И плача, и смеясь в одно и то же время, девушка, не спуская глаз с брата, обнимала его и осыпала поцелуями.

– Как ты изменился! Какой ты стал красивый! – говорила она. – Но я бы тебя все равно узнала: ты так похож на нашу милую маму!.. Страшно подумать, как мы давно с тобой не виделись!..

На ласки сестры Гаспар тоже отвечал поцелуями, хотя далеко не такими горячими. Он вообще, как мы уже говорили выше, был крайне замкнутым и не отличался особенной чувствительностью. Наконец он освободился из объятий сестры и с удрученным видом опустился на стул. Не выпуская его рук из своих, Шарлотта села рядом с ним.
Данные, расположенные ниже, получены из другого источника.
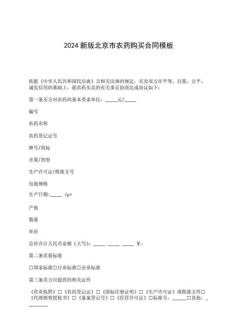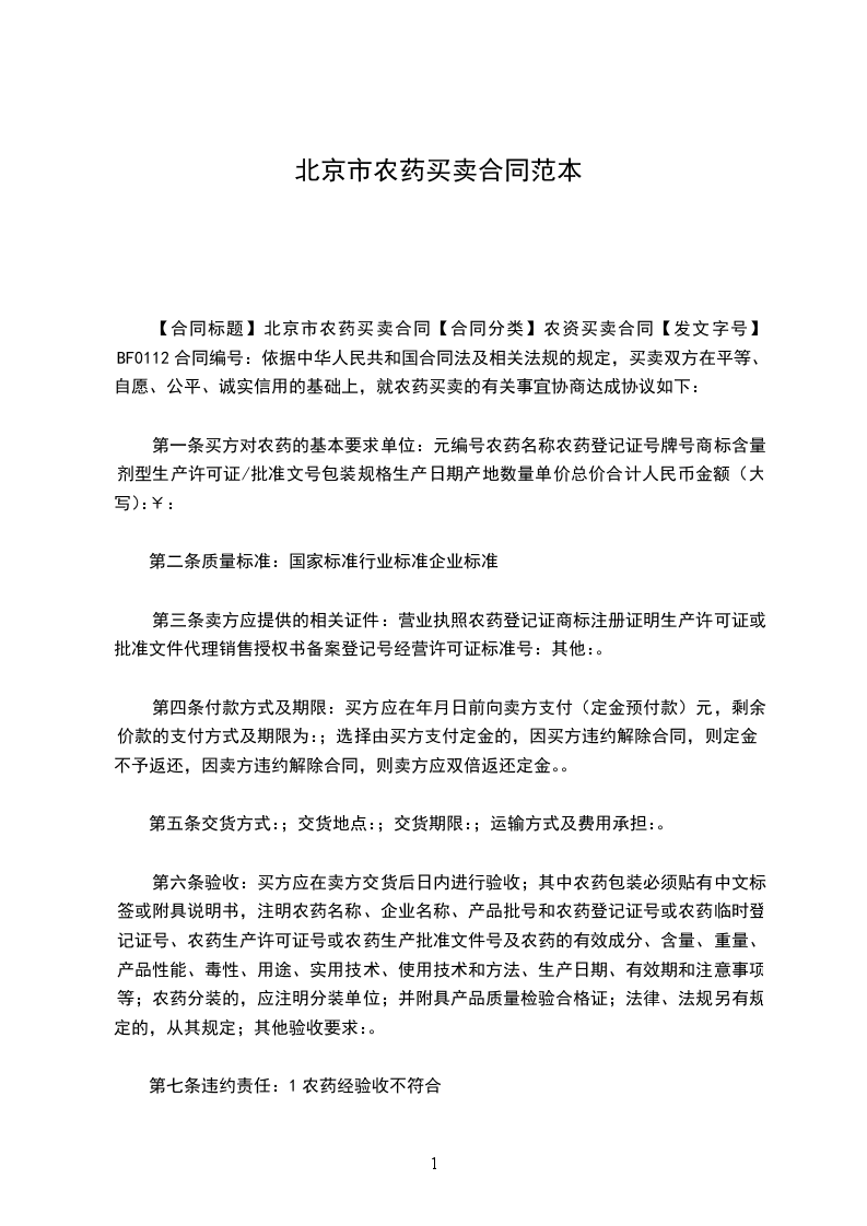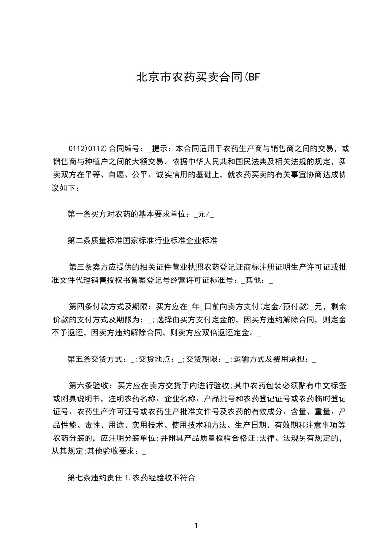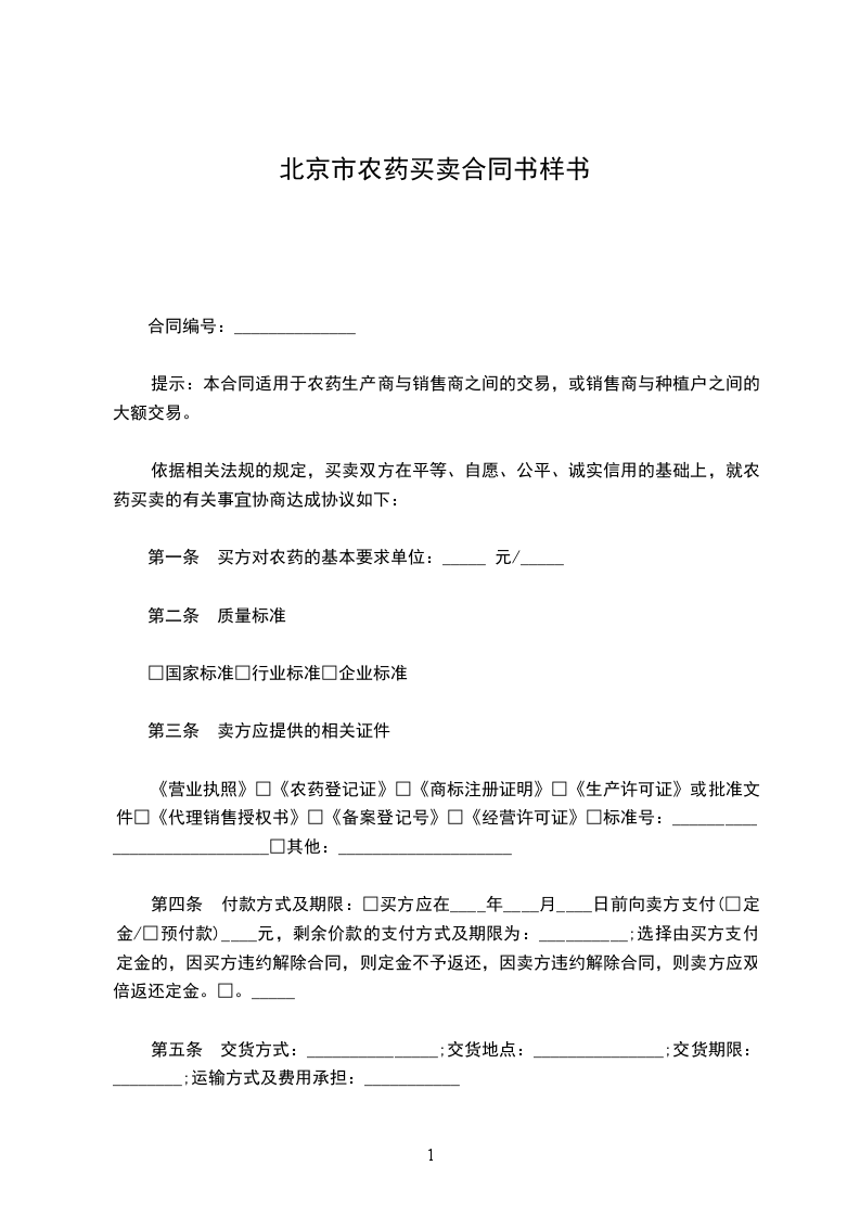 依据《中华人民共和国民法典》及相关法规的规定,买卖双方在平等、自愿、公平、诚实信用的基础上,就农药买卖的有关事宜协商达成协议如下: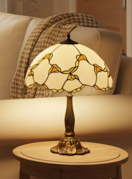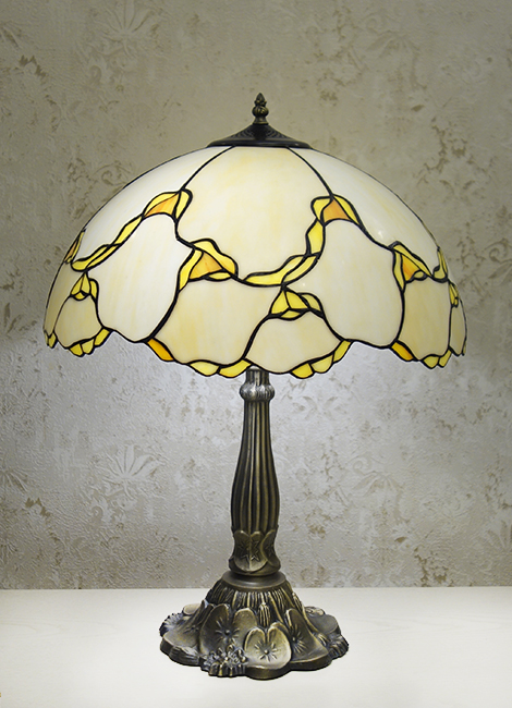 Настольная лампа тиффани. Создана вручную. Витражное цветное стекло. Оригинальный рисунок плафона подойдет для классического интерьера загородного дома, гостиной, спальни, коридора, прихожей. Ножка металлическая, бронзового цвета. Переключатель на шнуре.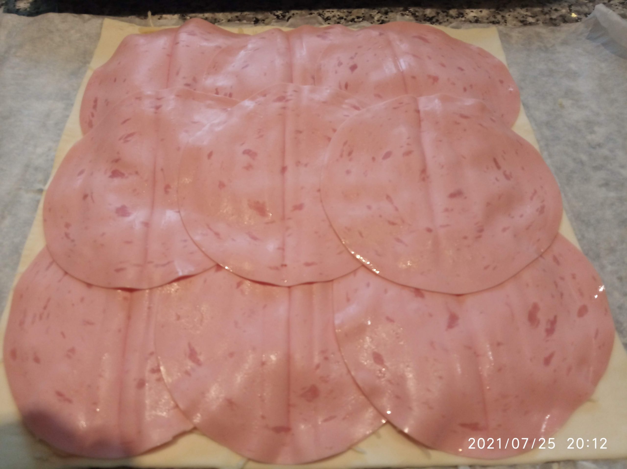 Distribuir las lonchas de mortadela.
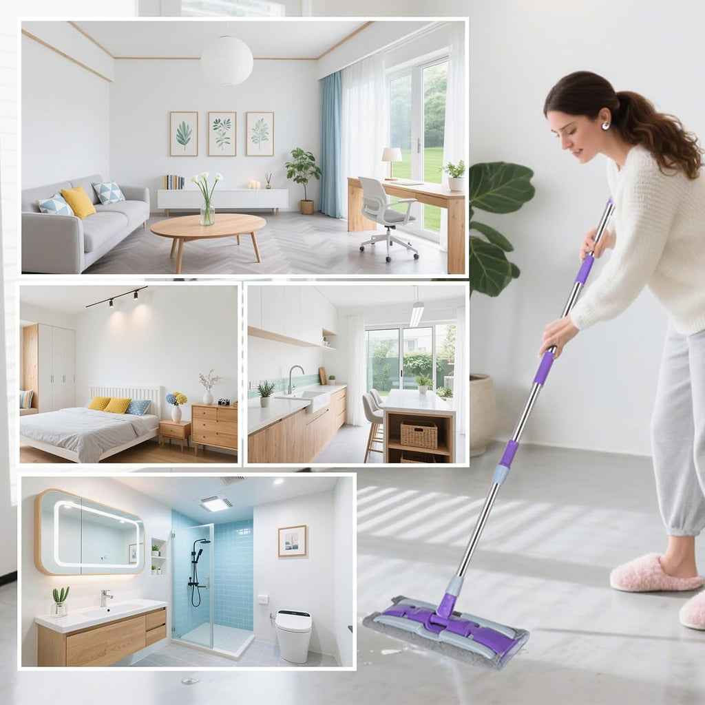 【Wide Application】This microfiber hardwood floor mop is suitable for hardwood, tile, marble and composite floor, and our flat mops for floor cleaning is an ideal choice for cleaning homes, offices, garages and other places! Using our flat mop, you can easily keep the floor clean and shiny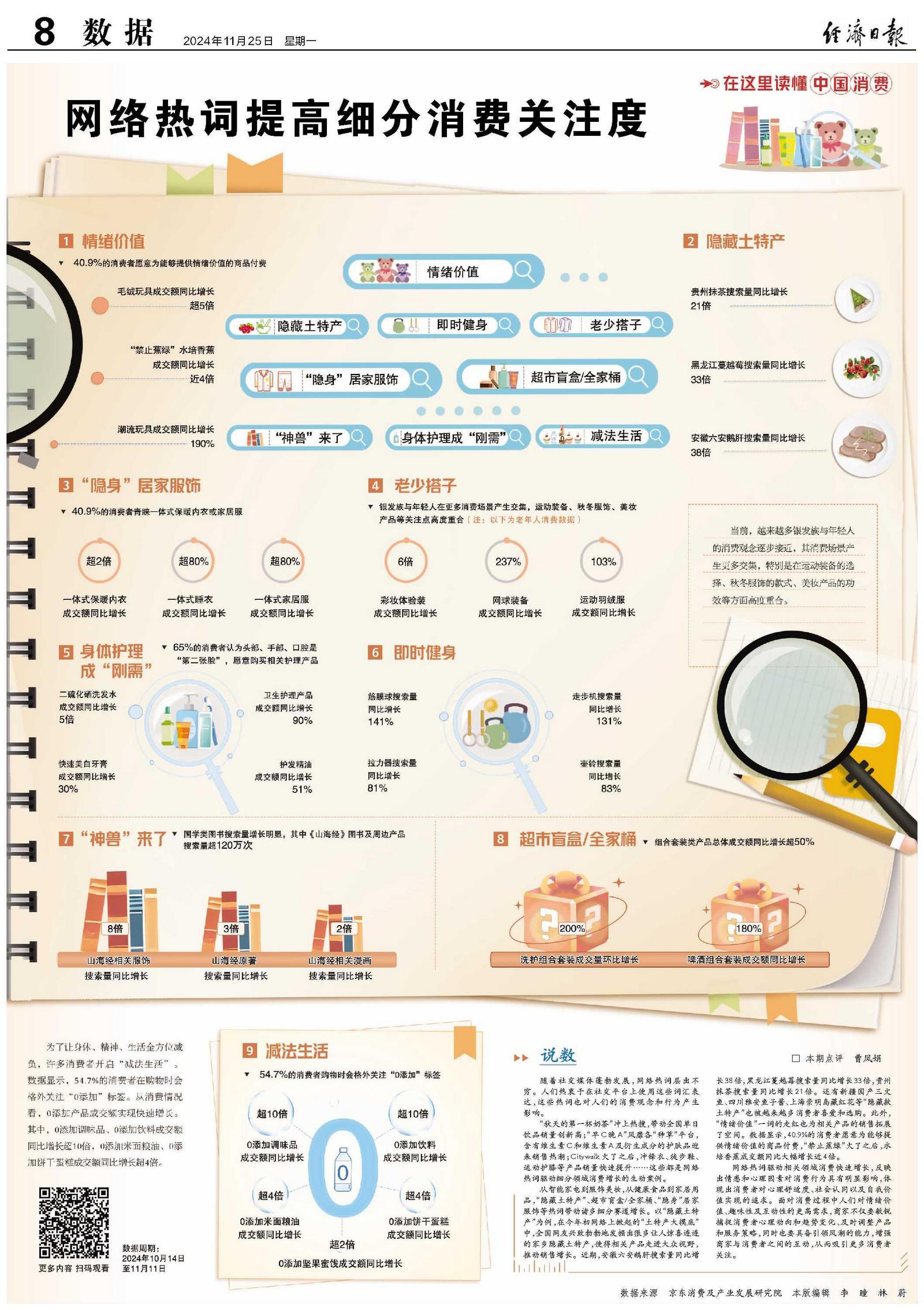 “秋天的第一杯奶茶”冲上热搜,带动全国单日饮品销量创新高;“早C晚A”风靡各“种草”平台,含有维生素C和维生素A及衍生成分的护肤品迎来销售热潮;Citywalk火了之后,冲锋衣、徒步鞋、运动护膝等产品销量快速提升……这些都是网络热词驱动细分领域消费增长的生动案例。

Странное дело! До приезда брата ей казалось, что разговоров у них хватит на несколько дней, а между тем теперь она просто не знала, о чем говорить с ним, и вообще чувствовала себя крайне неловко. Оно, впрочем, и понятно было, так как Гаспар, всегда недовольный и угрюмый, обычно на всех наводил тоску; он способен был заморозить самое горячее сердце. Словом, брат и сестра представляли полную противоположность друг другу: насколько сестра была ласковой, сердечной, впечатлительной и доверчивой, настолько брат был холодным, бесстрастным и скрытным.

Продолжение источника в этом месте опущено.